私はつぶやいた。パワースポットを巡っているのだから、やはり伊勢神宮には行くべきなのだろう。
なにしろ年間の参拝者数は約874万人(『伊勢市観光協会統計』平成28年)にものぼる。その正式名称も『神宮』。全国約8万社の神社が『本宗』として仰ぐ唯一無二の神社であり、さらにはここは『女神の聖地』とも呼ばれている。
なぜなら中心にある内宮(ないぐう)に祀られているのは皇室の先祖とされる天照大御神。言わずと知れた『光華明彩』(『日本書紀』)、輝くばかりに美しい女神である。その食事を用意するために創建された外宮(げくう)にも豊受大御神(とようけのおおみかみ)という女神。伊勢神宮には他に123の別宮や摂社などがあり、そのうち41社に『○○姫命』などの女神が祀られている。伊勢神宮は日本人の『心のふるさと』(伊勢神宮HP)とされているが、私たちのふるさとは女性が仕切っているのだ。
そして神様に付けえるのも古来、女性たちである。仏教では月経、出産などの出血から女性を『穢れ』と忌避していたが、神道ではこれを『カミンチ(神の血)』と呼んだりする。伊勢神宮の元禰宜(ねぎ)で神社本庁総裁も務めた櫻井勝之進さんによると、女性にこそ『豊饒(ほうじょう)の力』(『神道を学びなおす』神社新報社 平成17年)があり、『あらゆる生命の源というものは女性である』(同前)と讃えるのだ。
問答無用の女性パワー。
男の私は腰が引け、思わず『そこじゃなくて』と外したくなる。パワースポットの基本は『そこじゃなくてここ』なのである。そこで外しのポイントを探るべく、あらためて『日本書紀』の伊勢神宮鎮座に至る記録を読んでみた。実はこの地を選んだのは天照大御神とともに旅をした倭姫命(やまとひめのみこと)。
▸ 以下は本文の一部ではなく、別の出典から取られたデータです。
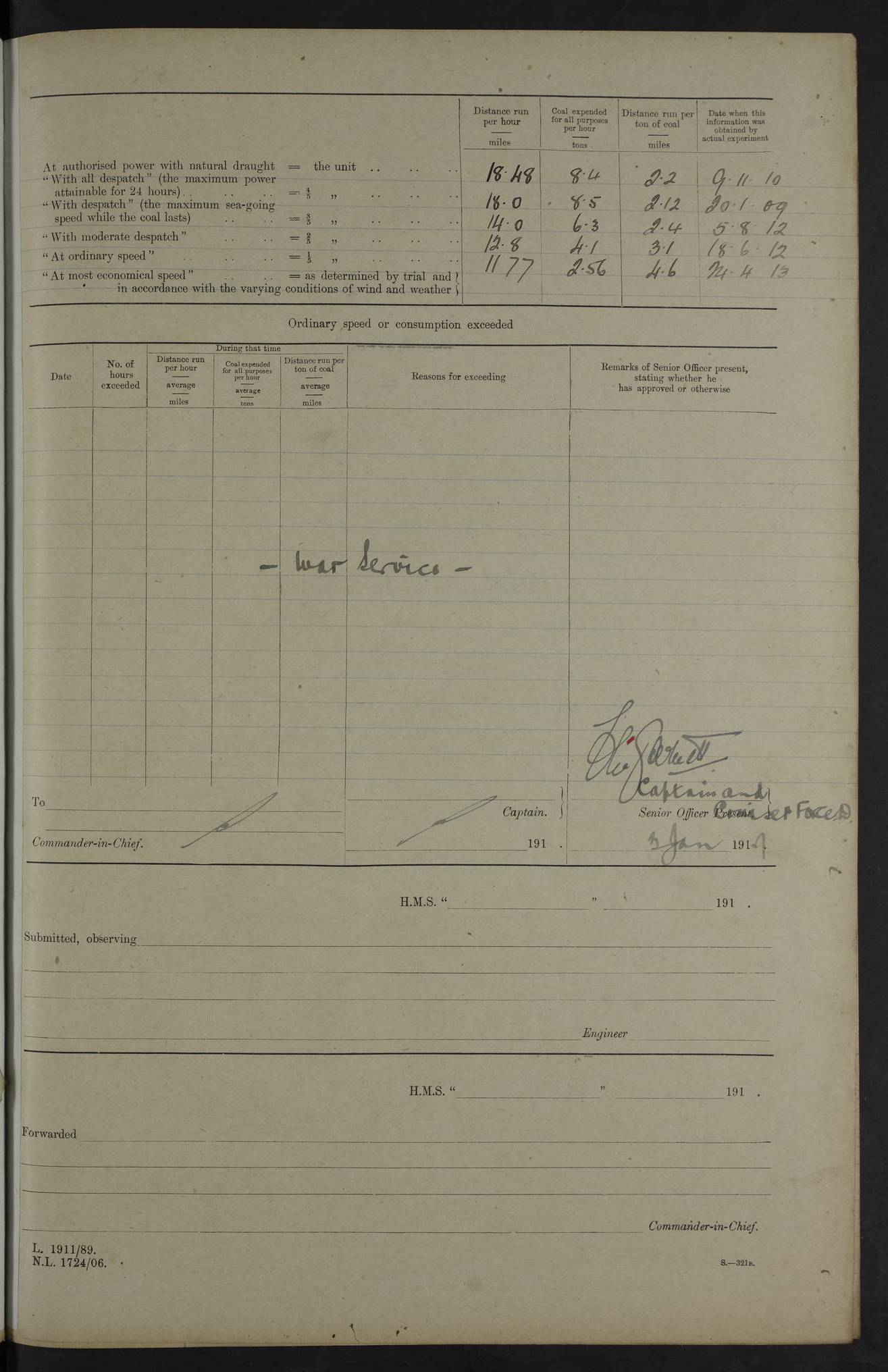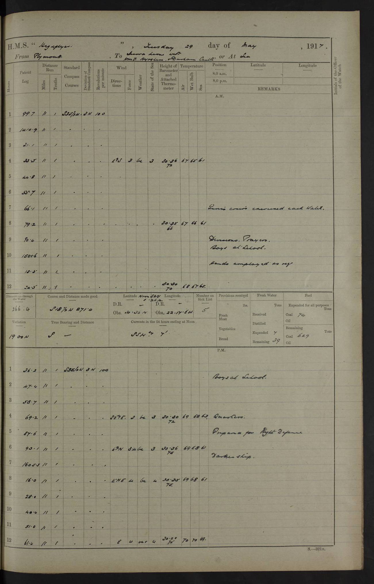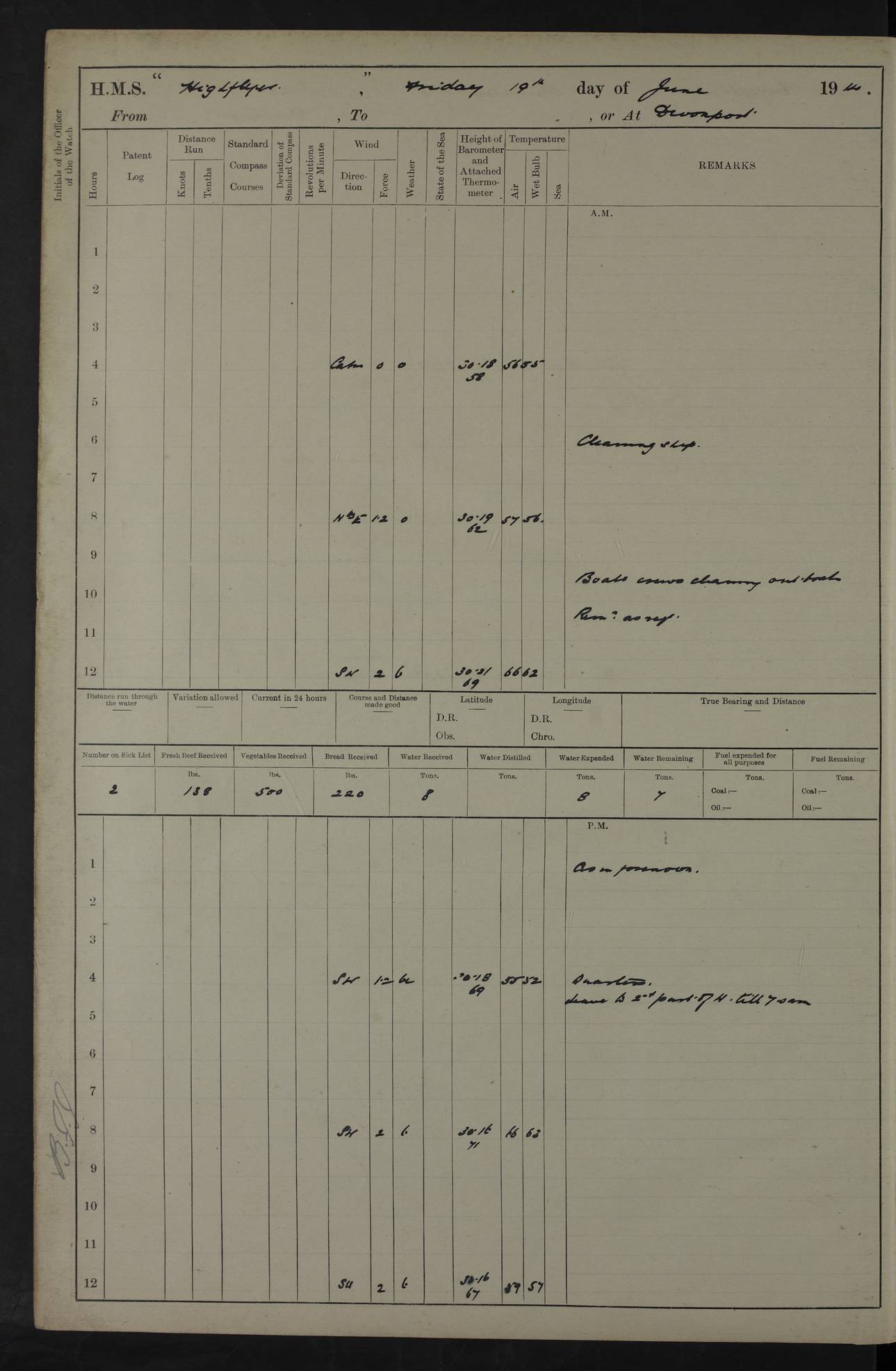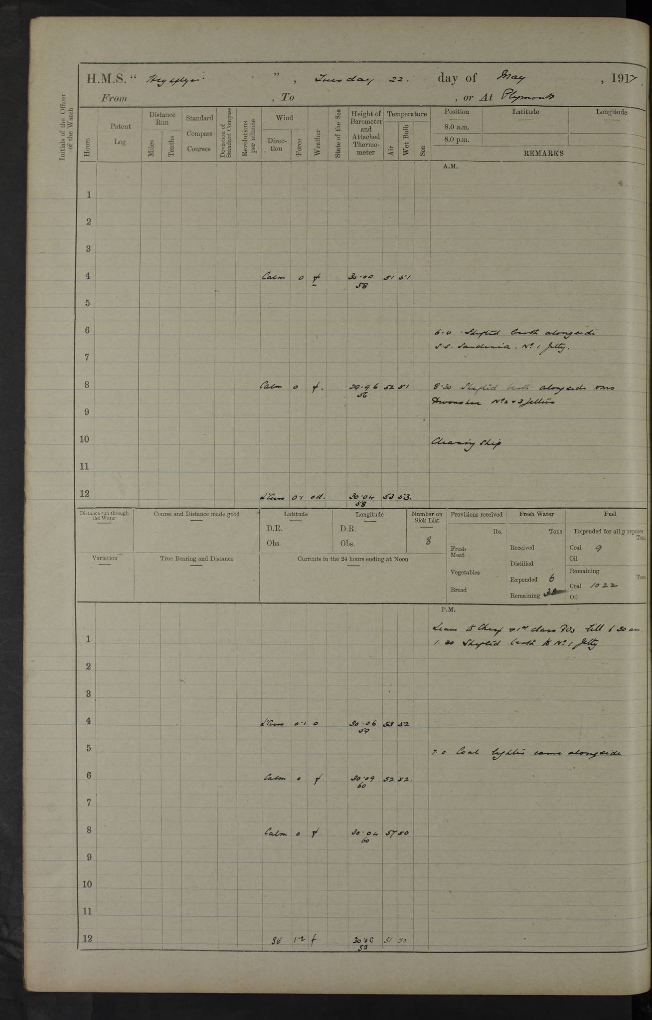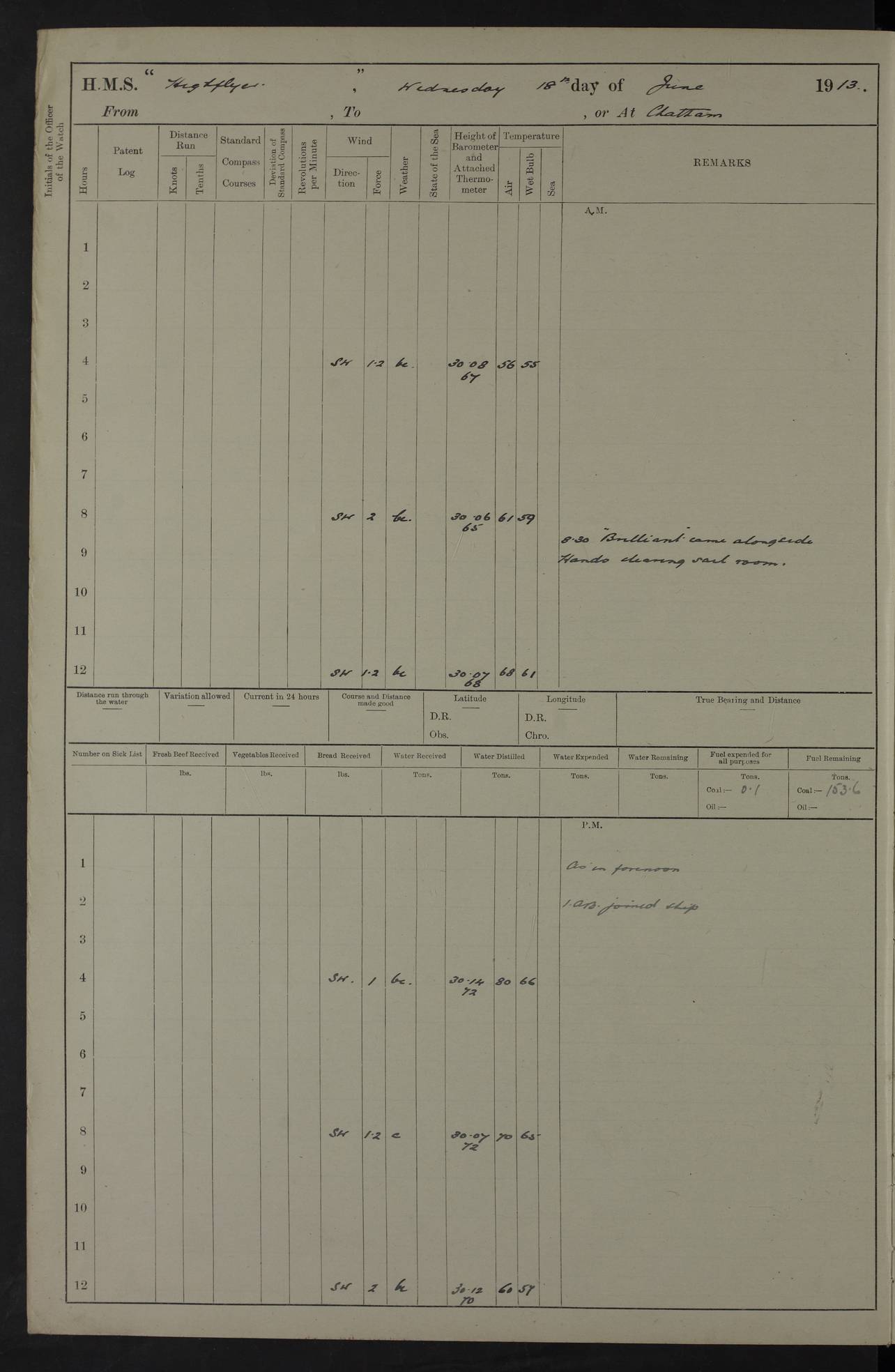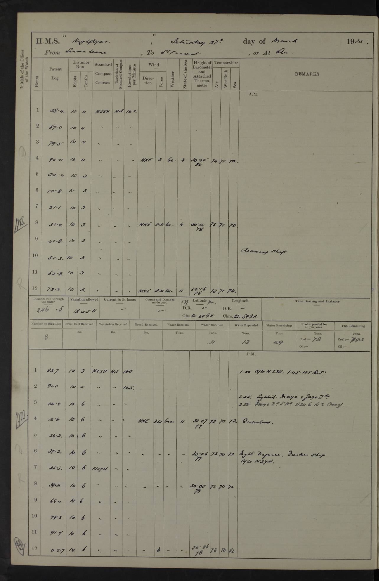 (Maps prepared using Journey Plotter, developed by Maikel. The Plots can only be approximate. They are made by joining-up positions on successive days, and sometimes positions are not given. There will therefore be occasions when the ship appears to have travelled overland) LOG BOOK – JUNE 14TH 1913 TO MAY 31ST 1914 4f960fe4a2fc8e2def00041b: (http://s3.amazonaws.com/oldweather/ADM53-44291/ADM 53-44291-001_0.jpg) 4f960fe5a2fc8e2def00041c: (http://s3.amazonaws.com/oldweather/ADM53-44291/ADM 53-44291-001_1.jpg) 4f960fe5a2fc8e2def00041d: (http://s3.amazonaws.com/oldweather/ADM53-44291/ADM 53-44291-002_0.jpg) 4f960fe5a2fc8e2def00041e: (http://s3.amazonaws.com/oldweather/ADM53-44291/ADM 53-44291-002_1.jpg) LOG of HMS Highflyer Commanded by Captain HT Buller MVO FOR THE PERIOD Commencing Saturday 14th June 1913 Ending Sunday 31st May 1914 Tonnage (displacement): 5600 Extreme length: 350 ft Extreme breadth: 54 ft ENGINES Manufacturer: Fairfield Shipbuilding & Engineering Co, Glasgow IHP: 10.000 Description: Vertical triple expansion 4 cylinders When fixed on board: 1898 BOILERS Manufacturer: Fairfield Shipbuilding & Engineering Co Description: Belleville with economisers 18 in No When made: 1898 When put in vessel: 1898 SCREW PROPELLER Manufacturer: Fairfield Shipbuilding & Engineering Co Description: Twin 3 bladed Admiralty design (bronze) General state of repair: Good 4f960fe6a2fc8e2def00041f: (http://s3.amazonaws.com/oldweather/ADM53-44291/ADM 53-44291-003_0.jpg) [Directions for using the log, figures to indicate the force of the wind and the state of the sea, and letters to denote the state of the weather.] 4f960fe6a2fc8e2def000420: (http://s3.amazonaws.com/oldweather/ADM53-44291/ADM 53-44291-003_1.jpg) Establishment of ship’s company Officers 32 Seamen 164 Boys 24 Marines 50 Engine-room establishment 134 Other non-executive ratings 466 BAROMETER Mercurial or aneroid: Mercurial Name of maker & number: Adie A 577 Height of cistern above sea: 9 feet Thermometers for air temperature Position in ship: Fore bridge Whether in screen: Yes Maker & number: Negretti & Zambra MO/A 9607 dry; from June 14, 1913 to June 1, 1914 MO/A 9603 wet; from June 14, 1913 to June 1, 1914 Thermometer for sea temperature Maker & number: J Hicks A 434; from June 14, 1913 to June 1, 1914 Position of standard compass Fore upper bridge DEVIATION OF STANDARD COMPASS Date obtained: August 29th 1913 Position: Sheerness, No 28 buoy ARMAMENT Fxle: one 6” QF PII S waist: four 6” QF PII P waist: four 6” QF PII OD: two 6” QF PII Battle deck: two 12-pounder 12-cwt SII S waist: three 12-pounder 12-cwt SII P waist: three 12-pounder 12-cwt SII AS deck: 3-pounder QF (Hotchkiss) P waist: 12-pounder 8-cwt field gun Torpedo armament 2 18” tubes BOATS 2 pinnaces, 36 ft sailing 2 cutters 1 gig, 30 ft 1 whaler 1 steam cutter, 32 ft MISCELLANEOUS INFORMATION Draught of water with bunkers full, and complete with provisions, stores and water: forward 22 ft 0 in, aft 23 ft 2 in Load draught, 600 tons coal: forward 19 ft 6 in, aft 21 ft 6 in Number of tons necessary to increase draught 1 inch: 31.5 Number of tons of coal carried (43 cubic feet per ton): a) At load draught, 600 b) With bunkers full, 1132 c) In places other than bunkers, nil Quantity of water carried: a) For boilers, 207 tons b) For drinking 60 tons THE VOYAGES OF HMS HIGHFLYER 1913-1914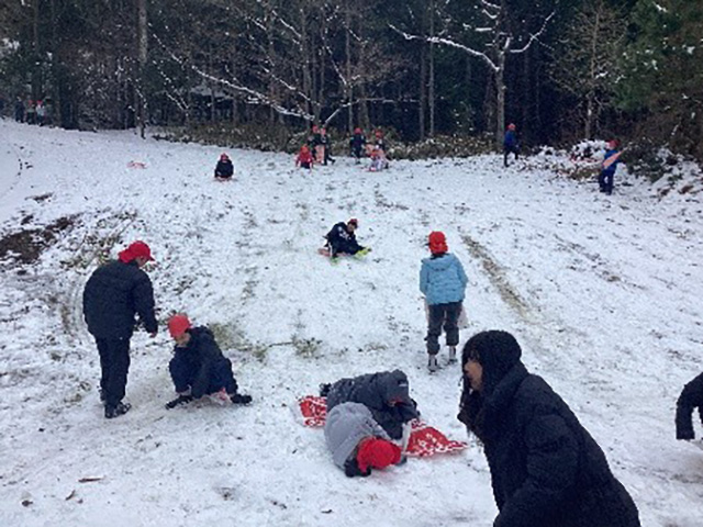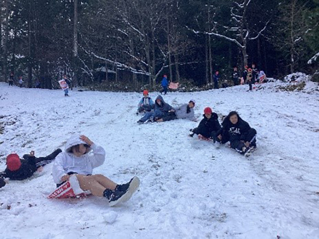 先日の寒波により東白川にも雪が降りました。学校の裏山にも多くの雪が積もり、斜面はまるでスキー場のようでした。

近江国、美濃国を経て伊勢国に入った時、天照大御神は倭姫命にこう告げていた。
傍国(かたくに)の可怜国(うましくに)なり。是の国に居たらむと欲(おも)ふ(『新編 日本古典文学全集2』小学館 1994年)
『傍国』とは、中心から外れた国ということ。外れているから伊勢を選んでおり、それこそ『そこじゃなくてここ』ではないか。私はずっと『そこじゃなくてここ』をキーワードにパワースポットを探してきたのだが、それはもともと天照大御神の言葉。もしかして私は彼女に導かれていたのだろうか。
全方位に一礼
……
『清め』を知ることで自分の穢れに気づく。清めの場所は穢れを生む。清めるから穢れ、穢れるから清める。神社にはこの巡りが内包されており、だから神社を巡ることになるのだろう。
天皇も『おかげさま』
『江戸時代のおかげ参りの頃の伊勢の様子を再現した町』(パンフレット)……。
『この横丁ができたのは平成5年。それまでは寂れた町だったんです』
しみじみと述懐するのはおかげ横丁広報担当の濱口泰弘さん。参拝者たちは観光バスで鳥羽など別の観光地へ行ってしまう。なんとか引き留めるべく、『おかげ参り』の精神に立ち返って町づくりをしたらしい。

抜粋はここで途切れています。